OK, so yes it's ONLY Thursday but lately (as Chris Hayes says) every day feels like 20. And this has been a long week.
I celebrated my birthday last week and by Sunday I was starting to feel 'off.' Pretty sure it was my body's way of telling me I had been overdoing things.
Sunday night I took my sleeping pill like a good little fibro patient and I SLEPT FOR SHIT. You ever have one of those night where you think you're sleeping but your brain is on FULL OVERDRIVE and therefore you're really not asleep? (Sorry. That's the only way I can describe it).
That was Sunday night.
Monday morning I was in a fog.
I actually told my parents and sister at lunch that I was feeling "fuzzy."
My brain felt like it was full of buzzing bees.
Sounds pleasant right?
I managed to make it through the whole day without failing too hard.
That night I took TWO sleeping pills.
Don't worry, my rheumatologist says that's OK.

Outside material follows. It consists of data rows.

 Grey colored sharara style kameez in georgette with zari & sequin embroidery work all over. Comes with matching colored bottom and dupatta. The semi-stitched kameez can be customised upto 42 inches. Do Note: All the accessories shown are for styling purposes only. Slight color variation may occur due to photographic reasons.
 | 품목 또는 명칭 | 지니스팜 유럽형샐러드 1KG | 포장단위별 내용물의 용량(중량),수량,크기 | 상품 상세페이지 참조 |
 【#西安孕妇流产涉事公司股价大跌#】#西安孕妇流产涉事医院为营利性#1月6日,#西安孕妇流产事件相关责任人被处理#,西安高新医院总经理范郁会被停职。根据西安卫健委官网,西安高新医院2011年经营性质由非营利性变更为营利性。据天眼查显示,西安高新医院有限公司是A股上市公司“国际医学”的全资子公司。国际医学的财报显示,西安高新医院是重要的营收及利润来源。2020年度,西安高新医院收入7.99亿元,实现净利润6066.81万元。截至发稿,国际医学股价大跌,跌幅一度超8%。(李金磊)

Holy shit was that some good sleep.
I made it through Tuesday without much effort.
I actually felt OK.
Tuesday night I took two pills again.
More good sleep.
Yesterday I was irritable and cranky.
I blame PMS + Fibro.
It makes me super bitchy.
I took a 90 minute nap.
Wednesday night was not good.
Our dog crapped in our bedroom at 11 p.m.

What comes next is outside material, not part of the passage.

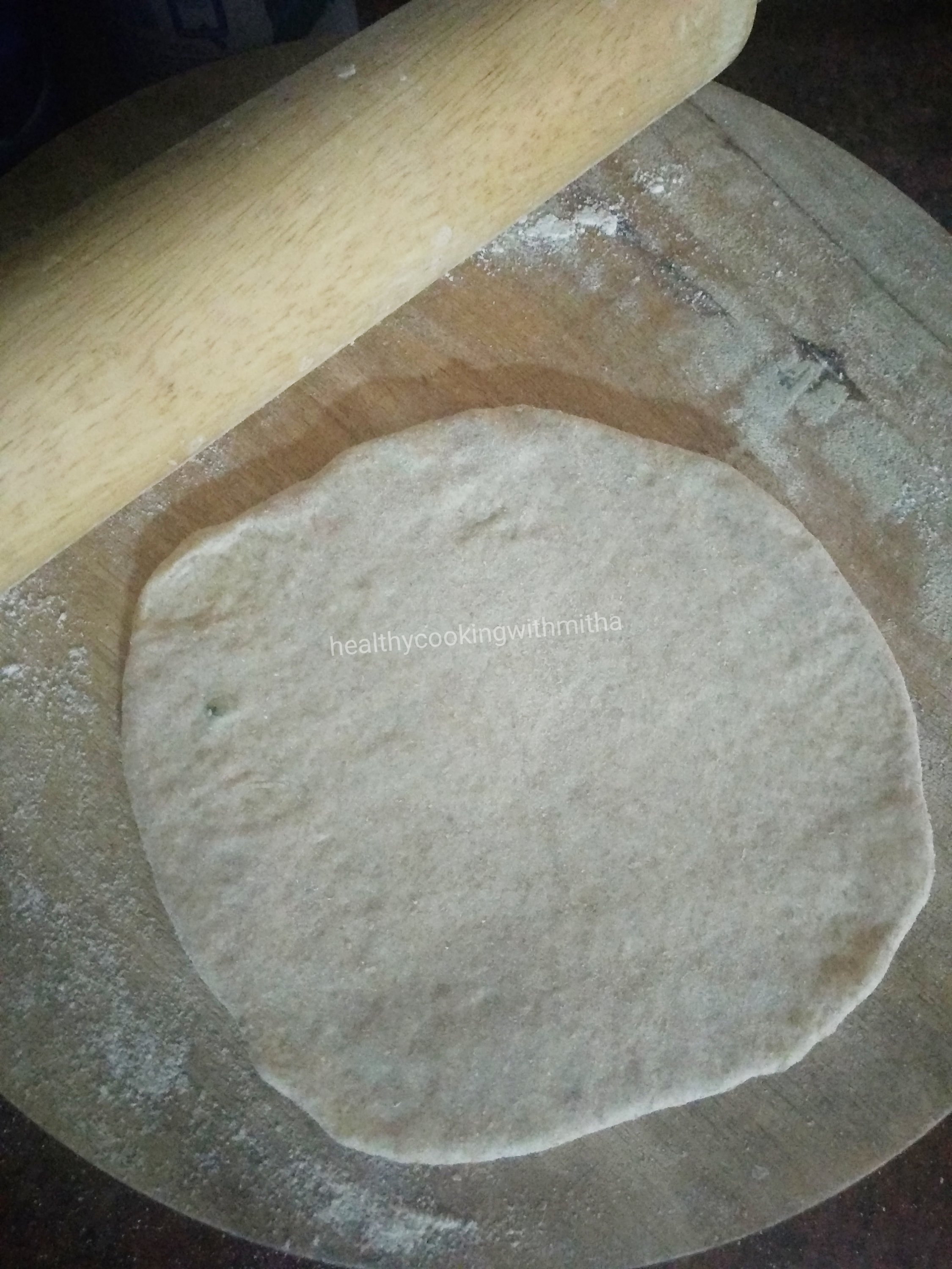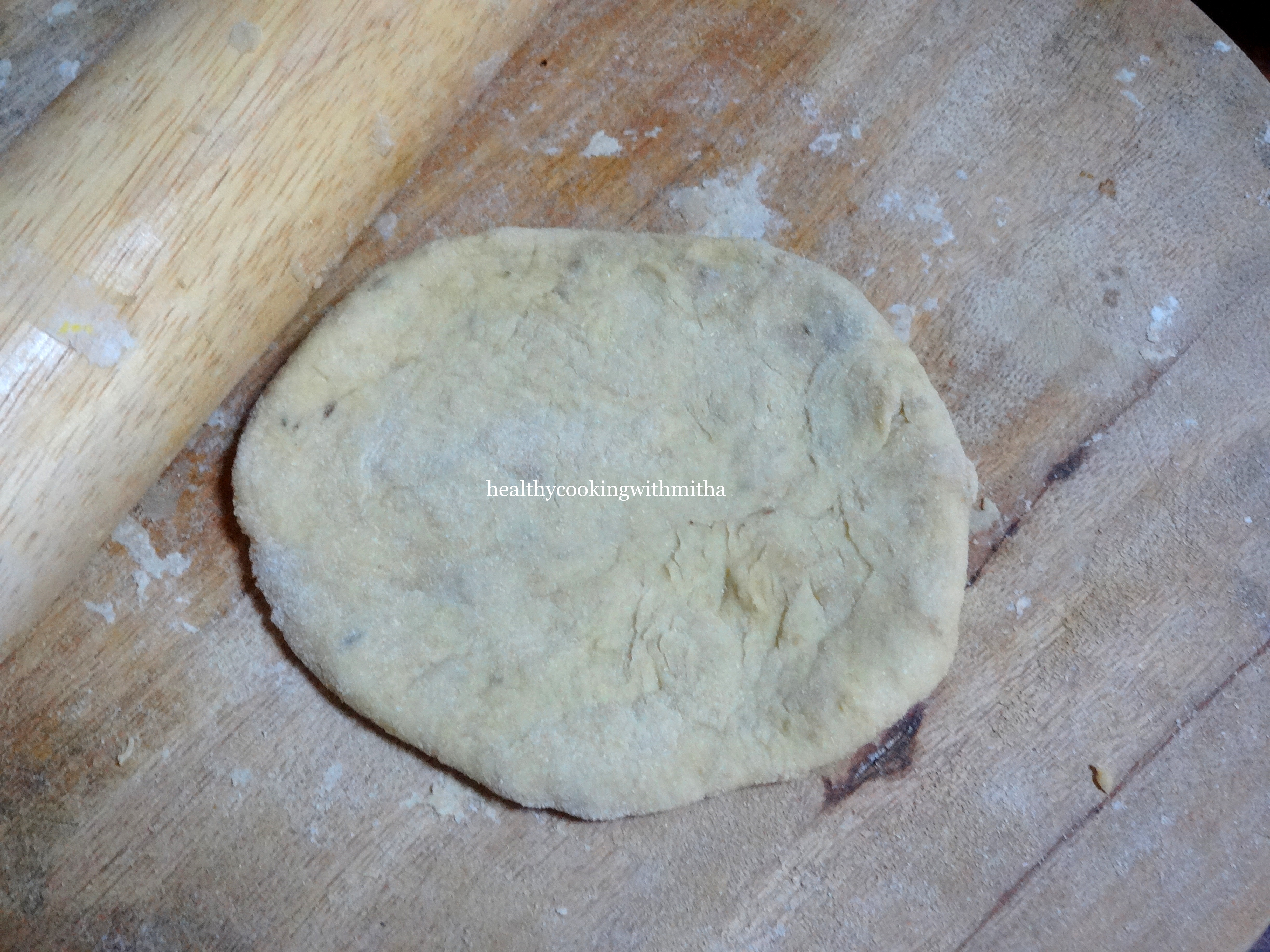 8. Dip again in dry wheat flour and roll as thin as possible, ensuring that you don’t give much pressure as the filling can come outside.

I cannot handle smells like that (even before fibro I couldn't do it but now it's like a trillion times worse).
So...I "slept" on the couch.
Today I struggled to stay focused on stuff.
I managed to keep my focus, barely.
But as the day went on I could feel it.
The aches and pains creeping into my hips, elbows, shoulders, back, and the tip of my left index finger. Yes, really. The tip of my left index finger hurts. A lot.
I'm doing my best to fight it right now but I think tomorrow might be a not-so-great day.
Here's hoping I'm wrong.
And that my friends has been this week in Fibroland.